A verbatim copy of all the data is required; the pictures should not appear in it.

● Given information:
▬▬▬▬▬▬

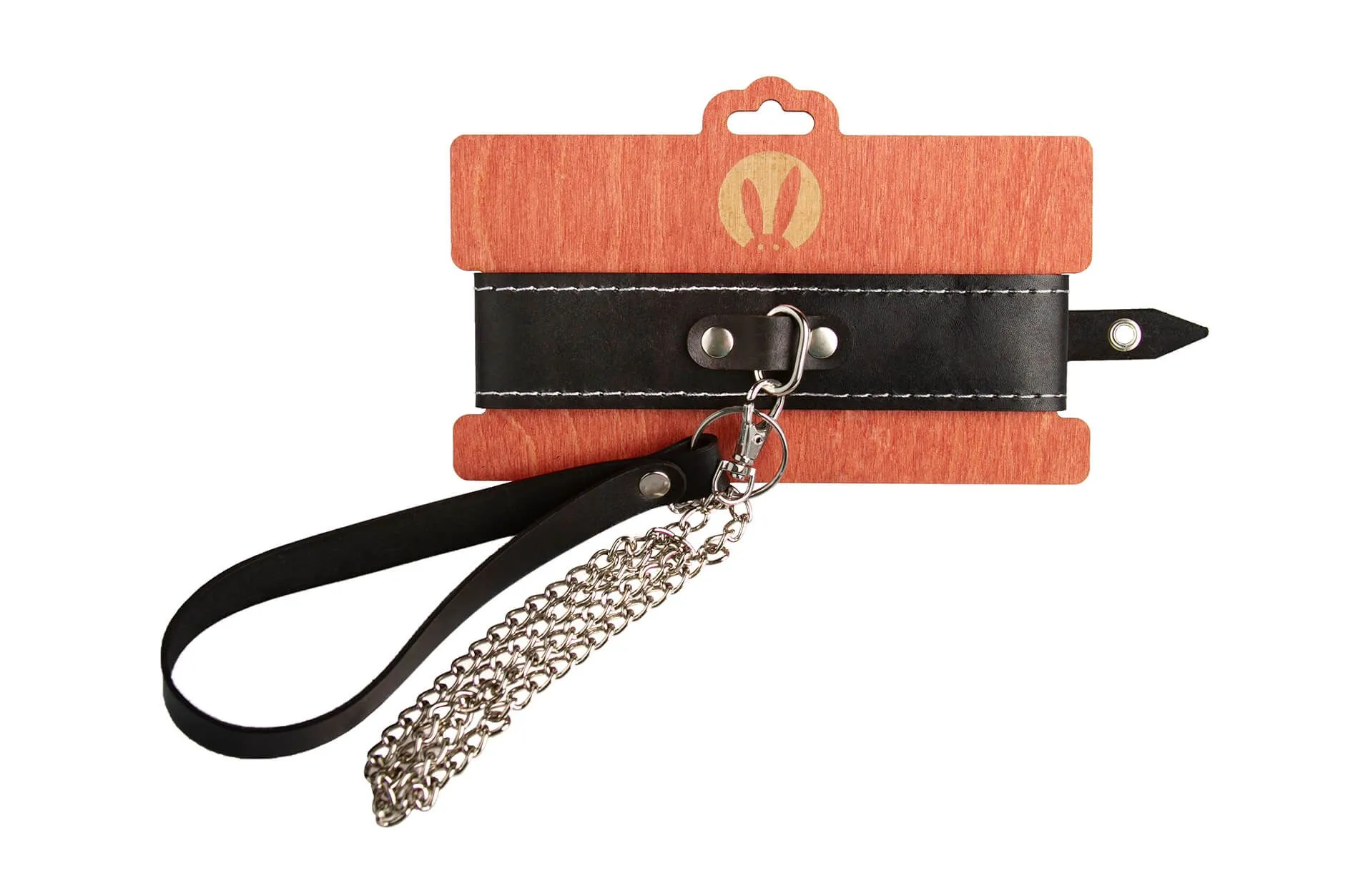 Двухслойный ошейник от бренда Pink Rabbit понравится тем, кто предпочитает игры с элементами БДСМ. Ошейник выполнен из натуральной кожи черного цвета и декорирован контрастной белой строчкой. У него есть металлический поводок длиной 80 см, а также удобная петелька для запястья. При помощи поводка можно будет ограничить движения партнера, одергивать его при непослушании или направлять в нужную сторону. К большому металлическому кольцу на ошейнике можно также присоединять и другие аксессуары при помощи карабина. Такой ошейник может стать как просто дерзким украшением, так и символом подчинения своему партнеру.
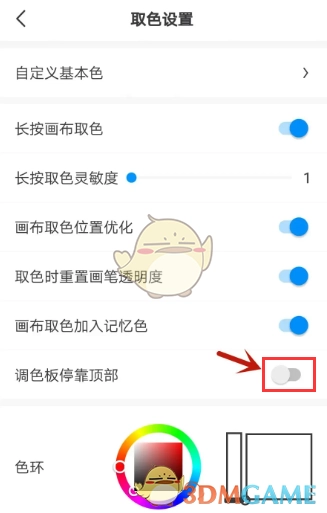 5、进入“取色设置”界面,找到“调色板停靠顶部”这一选项,点击该选项右侧的按钮,使其处于开启状态。
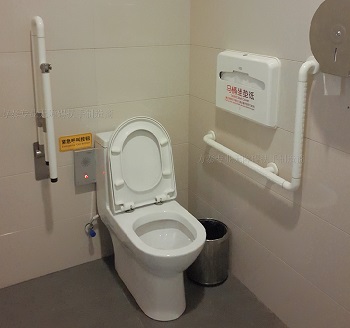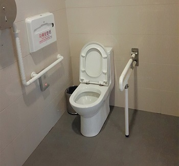 卫生间马桶靠墙一侧需安装水平和竖向辅助起身扶手(推荐扶星源L型卫生间扶手),没靠墙部分应该安装上翻带折叠扶手(推荐扶星源FT-8005卫生间上翻带支腿扶手);

▬▬▬▬▬▬

● Answer section:
 Двухслойный ошейник от бренда Pink Rabbit понравится тем, кто предпочитает игры с элементами БДСМ. Ошейник выполнен из натуральной кожи черного цвета и декорирован контрастной белой строчкой. У него есть металлический поводок длиной 80 см, а также удобная петелька для запястья. При помощи поводка можно будет ограничить движения партнера, одергивать его при непослушании или направлять в нужную сторону. К большому металлическому кольцу на ошейнике можно также присоединять и другие аксессуары при помощи карабина. Такой ошейник может стать как просто дерзким украшением, так и символом подчинения своему партнеру.
 5、进入“取色设置”界面,找到“调色板停靠顶部”这一选项,点击该选项右侧的按钮,使其处于开启状态。
 卫生间马桶靠墙一侧需安装水平和竖向辅助起身扶手(推荐扶星源L型卫生间扶手),没靠墙部分应该安装上翻带折叠扶手(推荐扶星源FT-8005卫生间上翻带支腿扶手);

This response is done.